There are economies of scale for managing a hedge fund business as a firm grows, but there are potential diseconomies of scale associated with the investment management of the business. You may get firms to be much more competitive on price as the assets under management grow or as it prices a large new inflow, but there may also be higher investment costs with running the money. One way to combat this higher liquidity cost is to increase expenditure and resources on trading and execution algorithms.
As firms get larger or price based solely as a management fee there may be the potential for misalignment of incentives and hidden performance costs. Larger firms that have covered fixed costs could easily focus more on incentive fees but it seems merely likely they will cut incentives and actually skew toward locking in management fees.

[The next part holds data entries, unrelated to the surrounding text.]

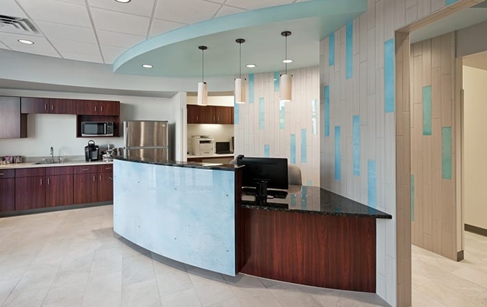 The 1,875 SF Concierge Clinic is located within an existing commercial structure. Functions include three large interview/exam rooms with connecting restrooms, two interview/consultation rooms, a lab with EKG, two offices and a kitchenette for clients. Schemmer provided full architectural/engineering services including interior finishes, arranging for furniture vendor assistance and construction administration services.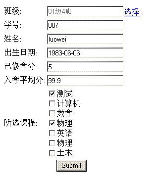 如学生选客,学生和课程多对多,主控方在学生,这个时候我们的课程一方就可主动声明” inverse="true"” (具体hibernate怎么配置请参看《我的O/R MAPPING (HIBERNATE)方法小结》)那么页面有可能是这样: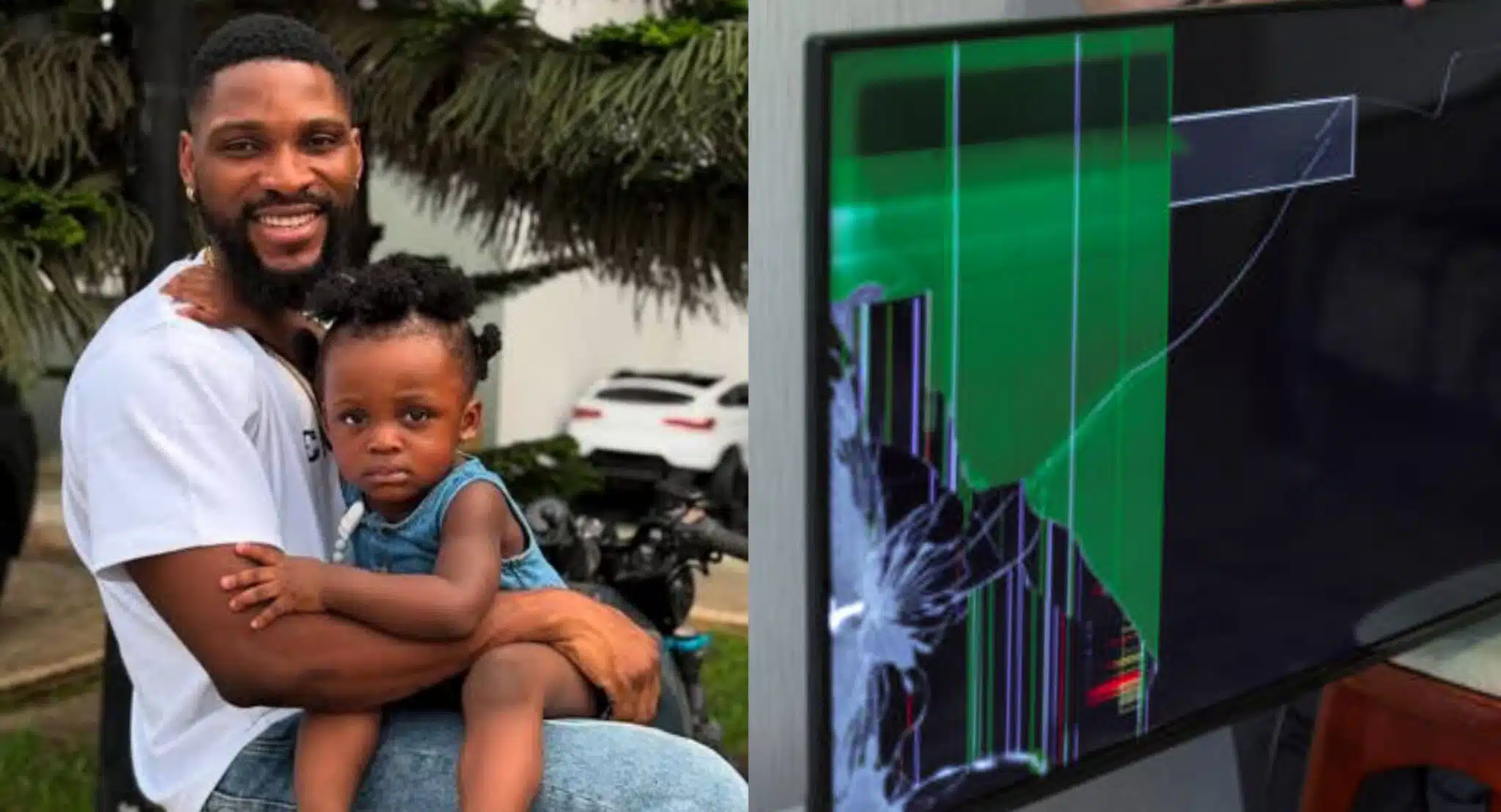 Nollywood actor and reality star, Tobi Bakre, has shared a hilarious parenting moment that left many fans in stitches after revealing that his daughter destroyed their television for the second time this year.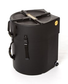 Tuhdisti topattu laukku 14" x 12" rummulle. Laukussa on olkahihna, kantokahva ja tasku varakalvoille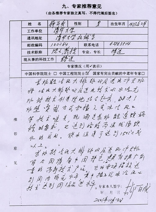 推荐意见-----柳百成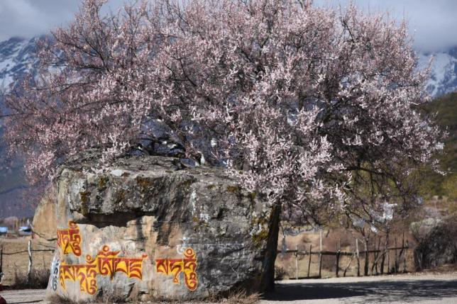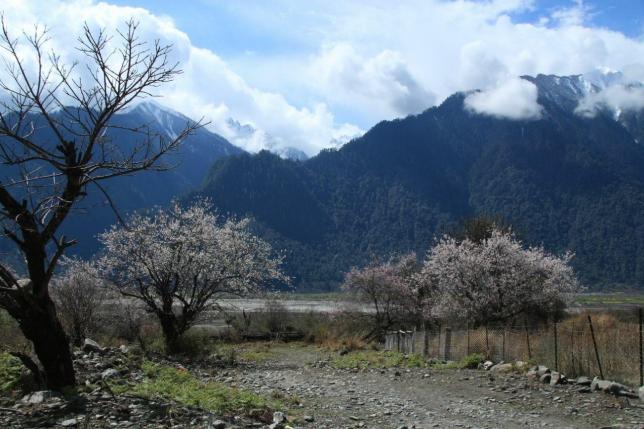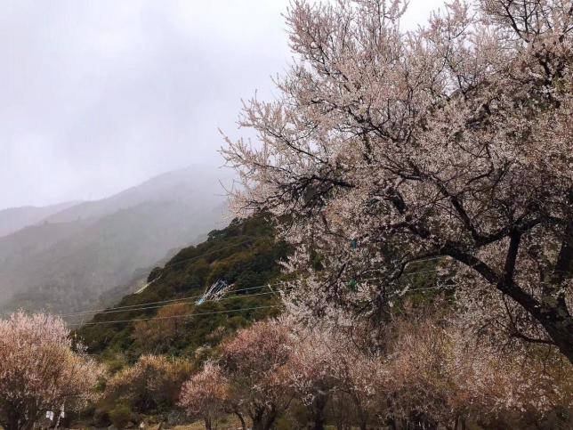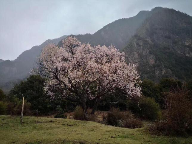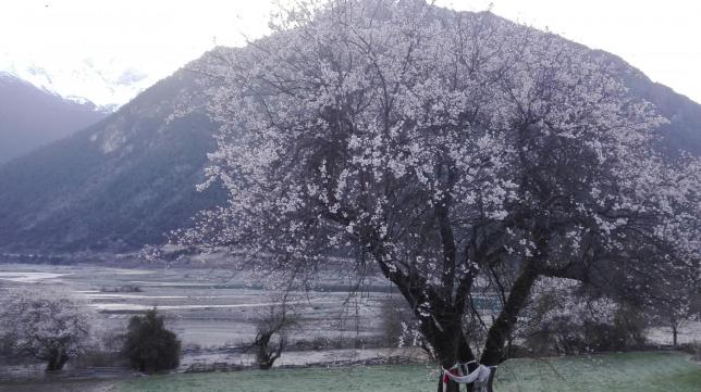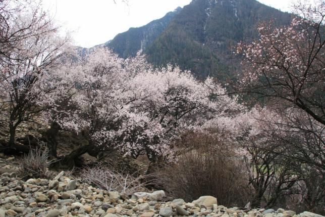 每年的三月中旬至四月中旬,当连绵起伏的群山还披着厚厚的白色雪衣,林芝漫山遍野的桃花开始铺满山坡,绵延至河谷,在雪山冰川的映衬之下怒放着野性的壮美。

There is a trade-off between the benefits from scale through risk management, research, execution, and business cost savings against the costs of liquidity management. There will be a point where the added net return from scale is outweighed by the performance drag from liquidity shortages.
Nevertheless, the cost of liquidity is extremely hard to measure because when you need it, it will not be available. The inflection point between economies and diseconomies of scale is hard to determine. So a natural question is, “What is the capacity of any given firm?” and “What is the capacity for a given strategy or across all firms pursuing the same strategy?”
It is surprising that more firms have not closed to new investments as they have grown. It is likely most firms are optimistic and gauge capacity on the high side. Additionally, back of the envelope calculations on trading across firms suggest that many trades can easily be considered crowded. Discounting the uncertainty of liquidity is more important than calculating the discount from lower management fees.